So, this is my first post here, but I’m slowly nearing the end of my weight loss journey. I am a 20M standing at 6’0”. I used to weigh 300lb and now I currently weigh in at 183lb. I thought I’d share some experiences or information that have helped me through my journey so I can potentially help others.

Disclaimer: Don’t take any of this information as medical advice, this is just something I know works for me, and might work for you.

For me and I’m assuming many others plateaus can really be demotivating. However, for me I noticed they usually occurred after several months being on a strict diet. What I do to combat this is I have a pretty bad cheat day, usually around 4K calories, then the next day I eat around my maintenance calories 2.5k and then on the third day I go back to cutting at around 1.7k calories. Sure, my body will need to take a couple days to burn off those extra calories, but every time I do this, I always get right out of my plateau and back to losing weight regularly.

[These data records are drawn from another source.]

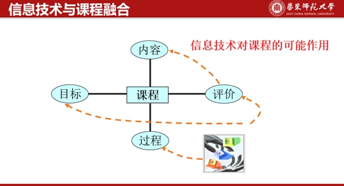 概括的來說可以用這個圖,該能力由課程所涉內容,培養教學的目標、教學的過程以及教學的評價組成。在信息技術整合與學科教學推進的過程當中,我們還必須要利用信息技術支持內容的準備,去支持在我們現在的環境當中去開展教學的過程,以及對學生的進行過程性以及結構性的評價。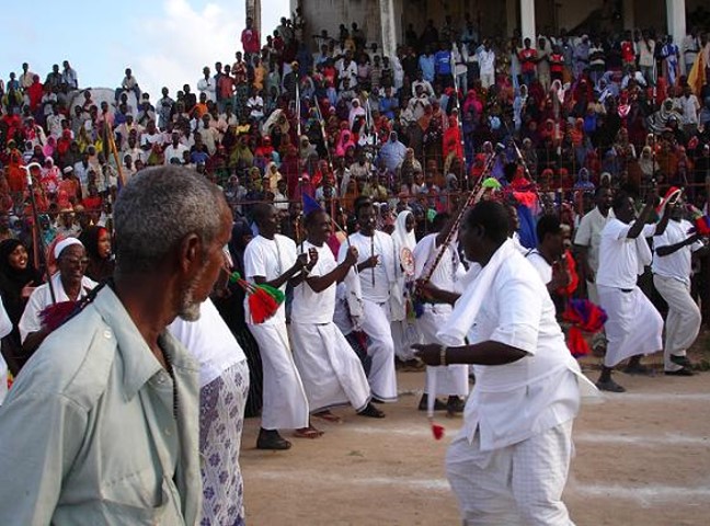 Inta badan dadkii ka soo qeyb galay isu soo baxa lagu taageeray shirweynaha dib u heshiisiinta Qaran waxay siteen funaanado ay ku xardhan tahay calaamada guddiga shirweynaha, waxaana Garoonka lagu soo bandhigay ciyaaraha hidaha iyo dhaqanka oo qaarkood ay ka qeyb qaateen madaxda sare ee gobolka Banaadir oo uu horkacayo guddoomiyaha ahna duqa magaalada Muqdisho Maxamed Cumar Xabeeb (Maxamed Dheere).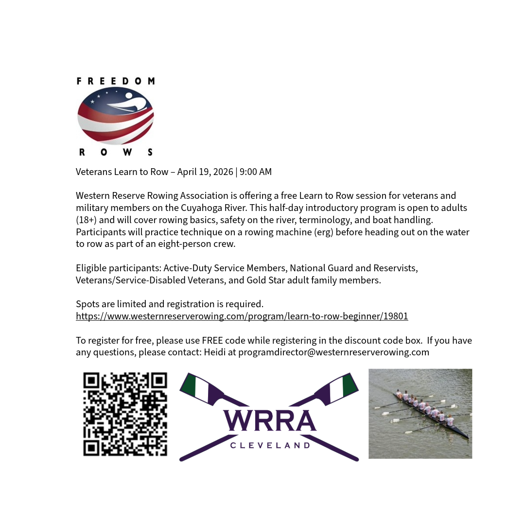 Western Reserve Rowing Association (WRRA) is proud to offer Freedom Rows, a program designed specifically for Veterans and family members of Veterans in the Greater Cleveland area.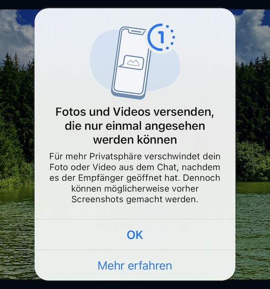 Aus diesem Grund führen wir heute Fotos und Videos als Einmalansicht ein. Diese verschwinden aus dem Chat, wenn sie einmal geöffnet wurden. So haben Benutzer noch mehr Kontrolle über ihre Privatsphäre.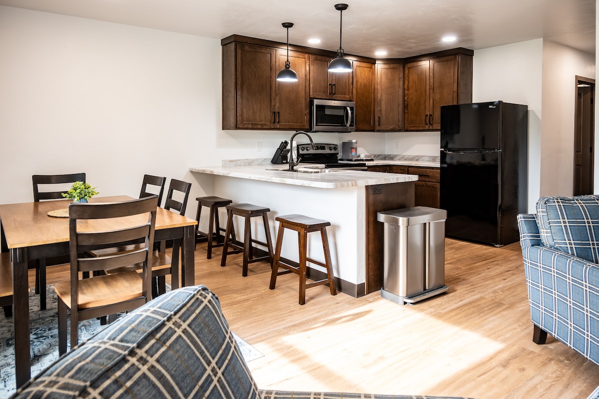 ¡Ven y disfruta de una casa adosada de nueva construcción que está totalmente amueblada para una estancia fácil! Ubicado en Brillion, es céntrico para Manitowoc, Green Bay y Appleton (a unos 25 minutos de cada uno y 40 minutos de Lambeau Field). Disfruta de muchas comodidades como calefacción por zonas en el suelo, aire acondicionado de pared, entrada cero (sin escalones), garaje adjunto para 2 autos, patio, vistas al parque (Peters Park), concepto abierto con cocina completa y grande, comedor y sala de estar. Baño completo de doble entrada, lavadora y secadora en la unidad. A minutos del Centro Nórdico Ariens y sus otros lugares.

I wouldn’t recommend doing this if you know you can’t trust yourself to have a cheat day. I used to be the same, if I ate bad one day I would eat bad for the next 20 days. I also wouldn’t recommend this to people who aren’t strict about counting calories. This is because your plateau may be occurring because your slipping up on your diet a little bit.

However, if you know you have been counting calories strictly, and you are confident in your mindset this might give your body a little jumpstart. Hope this can help at least one person stuck in a rut.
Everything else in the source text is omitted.